(Source information)

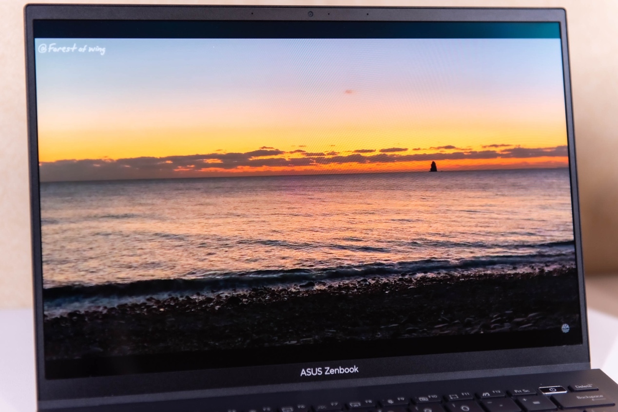 其实前面的测试也体现了我们常说的HDR,也就是高动态范围,明显要比LCD屏幕有本质上的提升。另外能提升视觉效果的就是灵耀X 13拥有10bit色深,直白点说就是它拥有更细腻的色彩过渡,不会出现色彩断层,尤其是看日出日落这种色彩过度非常细腻的照片或者视频,灵耀X 13的效果就像奶油一般润滑。当然拍出来的样片有没有断层,还得取决于你目前看的显示器色深,并且平台也会对图片做一些压缩,所以图片里的效果是远不如实际肉眼效果的。
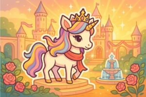 A mother unicorn nuzzling her foal instantly suggests care, comfort, and bedtime. That emotional cue helps even reluctant colorers engage: “What is the baby feeling? Where are they going?” This “Mom and Baby Unicorn” page make it easy to start a story right from the image caption.
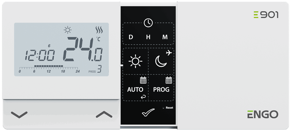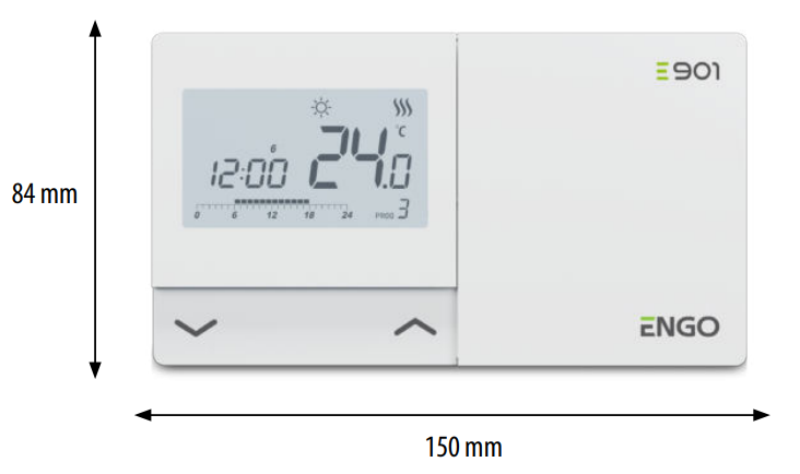 ENGO E901 to natynkowy, tygodniowy regulator pokojowy, służący do przewodowego sterowania urządzeniami oraz systemami grzewczymi lub chłodzącymi. Jego działanie polega na utrzymywaniu komfortowych warunków w pomieszczeniu, zgodnie z harmonogramami pracy lub nastawioną przez użytkownika stałą temperaturą. Podłącza się go bezpośrednio do urządzenia grzewczego.
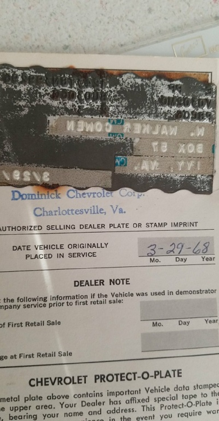Assisting a friend to sell a rare in color Seafrost Green with black standard interior 68 Z/28 that is in good shape, fairly original and has some docs, i.e. Protecto Plate. Just up to recently it was a two owner car according to the paperwork / titles. The car is a low option car that came with radio delete, Non-power steering, Non-console and Non gauges. The Z still retains it's Factory Original BORN WITH Engine, M-21 Trans and BU Rear end. The drive train appears to have never been out of the car. The drive train also appears to have never been opened up with the exception of me removing the cover to inspect if the original gears were still in place. The rear end has its factory dated 2-68 gears and looks awesome inside. This Z still retains a lot of the original Z specific parts, but some are missing. The body tags have never been removed and the confidential VIN matches the Public and or Dash VIN. Pictures to follow as soon as I can. SOLD
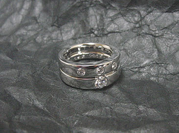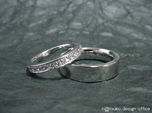 細身のハーフエタニティとフラットリングのペア。
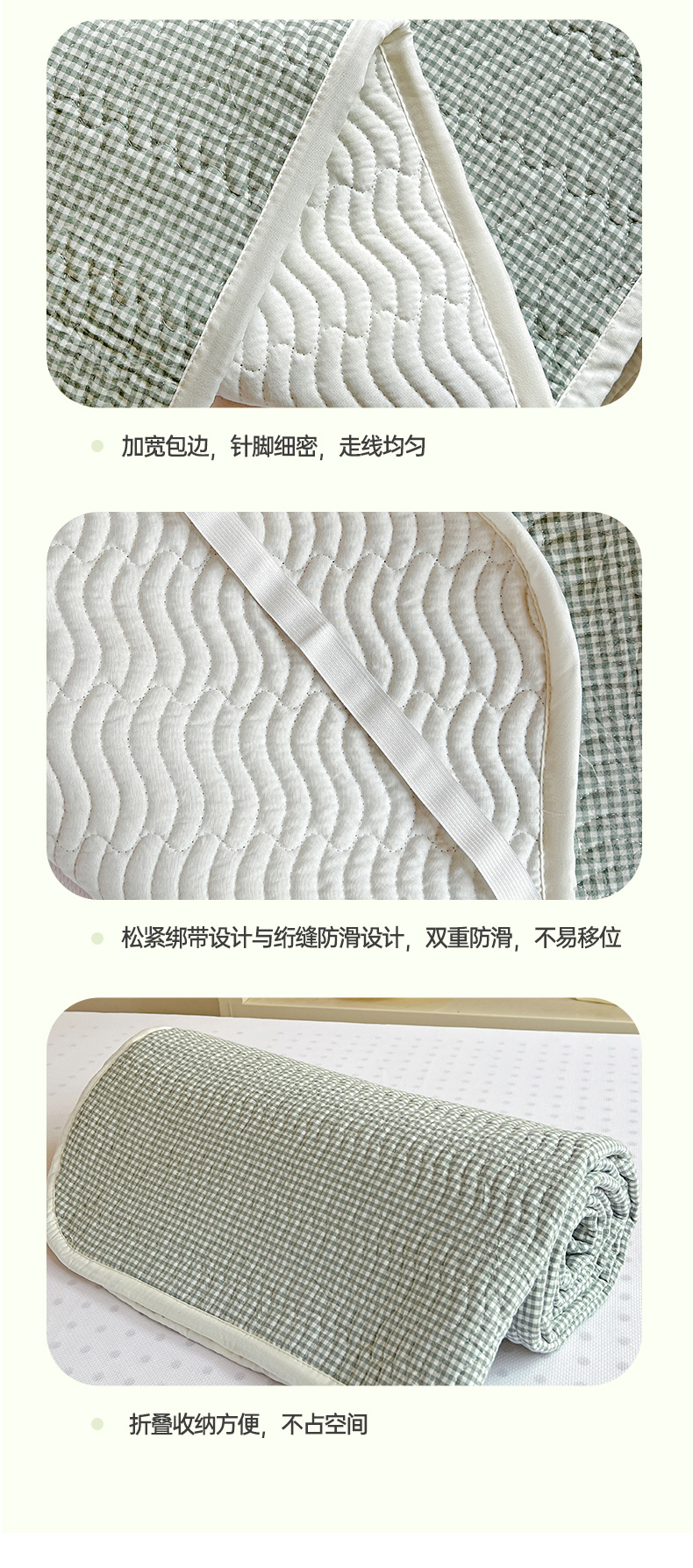 • 91家纺网 家纺一手货源 找家纺 乐野家居 2025热款学生床全棉色织水洗棉夹棉多功能床垫-床盖 密格绿
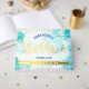 Let your favourite Bat Mitzvah be proud, rejoice and celebrate her milestone with this stunning keepsake scrapbook real gold foil guestbook. On the front, stunning, modern, sparkly gold foil handwritten script, Star of David and tiny dots overlay a turquoise blue watercolor background. The customisable spine is real gold foil. And on the back, additional real gold foil confetti and Star of David overlay turquoise blue watercolor. Personalise the custom text with her name and date of event. Choose from 3 real foil colours (gold, silver and rose gold), 3 sizes (9”x6”, 10.5”x8.25” and 12”sq) and 3 papers (blank white, lined white and black). Guaranteed to add stylish memories of her occasion. Matching and coordinating invites, envelopes, address labels, stickers, napkins and other Bat Mitzvah goodies are also available in this trendy and special collection.

(End Source information)

How to complete this task: For this exercise, return exactly the lines above from the line with "A mother unicorn" through the line with "乐野家居 2025热款学生床全棉色织水洗棉夹棉多功能床垫-床盖 密格绿", both included. Do not copy the pictures.

Exercise solution:
 A mother unicorn nuzzling her foal instantly suggests care, comfort, and bedtime. That emotional cue helps even reluctant colorers engage: “What is the baby feeling? Where are they going?” This “Mom and Baby Unicorn” page make it easy to start a story right from the image caption.
 ENGO E901 to natynkowy, tygodniowy regulator pokojowy, służący do przewodowego sterowania urządzeniami oraz systemami grzewczymi lub chłodzącymi. Jego działanie polega na utrzymywaniu komfortowych warunków w pomieszczeniu, zgodnie z harmonogramami pracy lub nastawioną przez użytkownika stałą temperaturą. Podłącza się go bezpośrednio do urządzenia grzewczego.
Assisting a friend to sell a rare in color Seafrost Green with black standard interior 68 Z/28 that is in good shape, fairly original and has some docs, i.e. Protecto Plate. Just up to recently it was a two owner car according to the paperwork / titles. The car is a low option car that came with radio delete, Non-power steering, Non-console and Non gauges. The Z still retains it's Factory Original BORN WITH Engine, M-21 Trans and BU Rear end. The drive train appears to have never been out of the car. The drive train also appears to have never been opened up with the exception of me removing the cover to inspect if the original gears were still in place. The rear end has its factory dated 2-68 gears and looks awesome inside. This Z still retains a lot of the original Z specific parts, but some are missing. The body tags have never been removed and the confidential VIN matches the Public and or Dash VIN. Pictures to follow as soon as I can. SOLD
 細身のハーフエタニティとフラットリングのペア。
 • 91家纺网 家纺一手货源 找家纺 乐野家居 2025热款学生床全棉色织水洗棉夹棉多功能床垫-床盖 密格绿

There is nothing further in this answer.